The rule requires that every discovery disclosure be signed by at least one attorney and the signature "certifies that to the best of the person's knowledge, information, and belief formed after a reasonable inquiry," the disclosure or objection is warranted by existing law, not unreasonable, and not interposed for any improper purpose, such as to harass or cause delay. Mancia v. Mayflower Textile Servs. Co., 253 F.R.D. 354 D.Md., (Oct. 2008), citing Fed.R.Civ.P. 26(g). Violating the rule permits a court on motion or sua sponte to impose sanctions. Fed.R.Civ.P. 26(g)(3).

Closer to home, the Seventh Circuit addressed this issue of attorneys "not thinking" when making objections in a case involving the now indicted Jon Burge. (By the way, couldn't the feds have saved a lot of time and money by just putting him in a room with Blago for a while, kind of an economies of scale approach?)

Back to the point. In Hobley v. Chicago Police Commander Burge (2003 WL 22682362 N.D. Ill., 2003), the court reminded lawyers that the purpose of the attorney's signature under Rule 26(g) is to "oblige each attorney to stop and think about the legitimacy of a discovery request, a response thereto, or an objection." Citing Fed.R.Civ.P. 26, Advisory Committee Notes, 1983 Amendment.
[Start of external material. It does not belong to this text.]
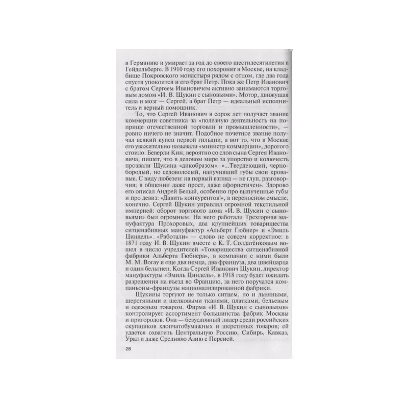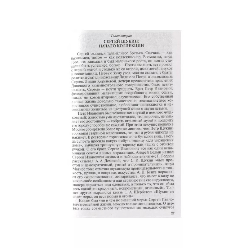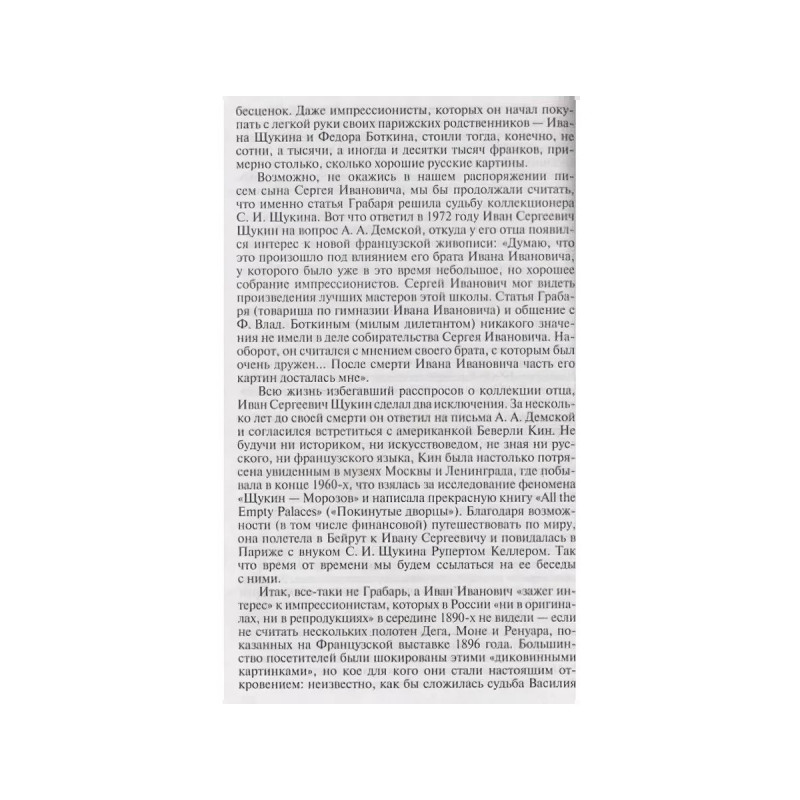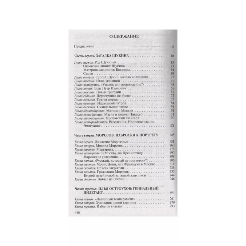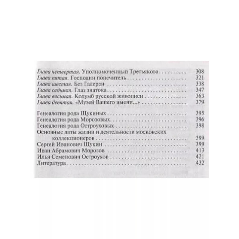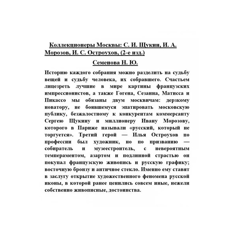 Коллекционеры Москвы: С. И. Щукин, И. А. Морозов, И. С. Остроухов, (2-е изд.). Историю каждого собрания можно разделить на судьбу вещей и судьбу человека, их собравшего. Счастьем лицезреть лучшие в мире картины французских импрессионистов, а также Гогена, Сезанна, Матисса и Пикассо мы обязаны двум москвичам: дерзкому новатору, не боявшемуся эпатировать московскую публику, безжалостному к конкурентам коммерсанту Сергею Щукину и миллионеру Ивану Морозову, которого в Париже называли русский, который не торгуется. Третий герой Илья Остроухов по профессии был художник, но по призванию собиратель и музеестроитель, с невероятным темпераментом, азартом и подлинной страстью он покупал французскую живопись и русскую графику; восточную бронзу и античное стекло. Именно ему ставят в заслугу открытие художественного феномена русской иконы, в которой ранее ценились совсем иные, нежели собственно живописные, достоинства.

The issue in that case involved a claim by city counsel that its objections were not meant to be its "real answers," but rather only set forth to preserve its record on appeal. That's another statement we hear quite often--"just doing this to preserve the record."

The court rejected this outright, stating: "The city's notion that it could preserve 'possible objections' flies in the face of the text of these Rules. The city was required to enunciate its actual objections and its actual responses within the time required. The city's tactic of serving a faux response in order to buy time to consider 'possible' objections is simply contrary to the Federal Rules." Id.

"The court has a right to expect that discovery responses signed pursuant to  Rule 26 (g) contain a genuine articulation of the responding party's original objections. The court should not be required to work its way through pages of boilerplate objections only to hear that those objections were not the responding party's 'real' position... That is not what the Rules contemplate and require of attorneys practicing in federal court." Id.

Rather than sanction the attorneys, they were slapped for about four hours until they changed the answers and admitted they were wrong.

The cut-and-paste approach isn't limited to discovery.

Earlier this year, a court of appeals threw out a case, calling the brief by immigration counsel a "cut and paste affair." It presented facts of another case, notably for a person of a different gender. "This substantive failure to comply with Federal Rule of Appellate Procedure 28 alone justifies dismissal." Rusli v. Mukasey No. 06-1941 U.S Ct. Appeals, 1st Circuit, June 2008.

It isn't confined to civil actions, either. A few years ago, a Texas lawyer was found to have submitted nearly identical briefs, including the same typos, on two different death penalty appeals. Confronted with these charges, his response was, "It was a good argument. I'd do it again." Laredo Morning Times, Feb. 27, 2006.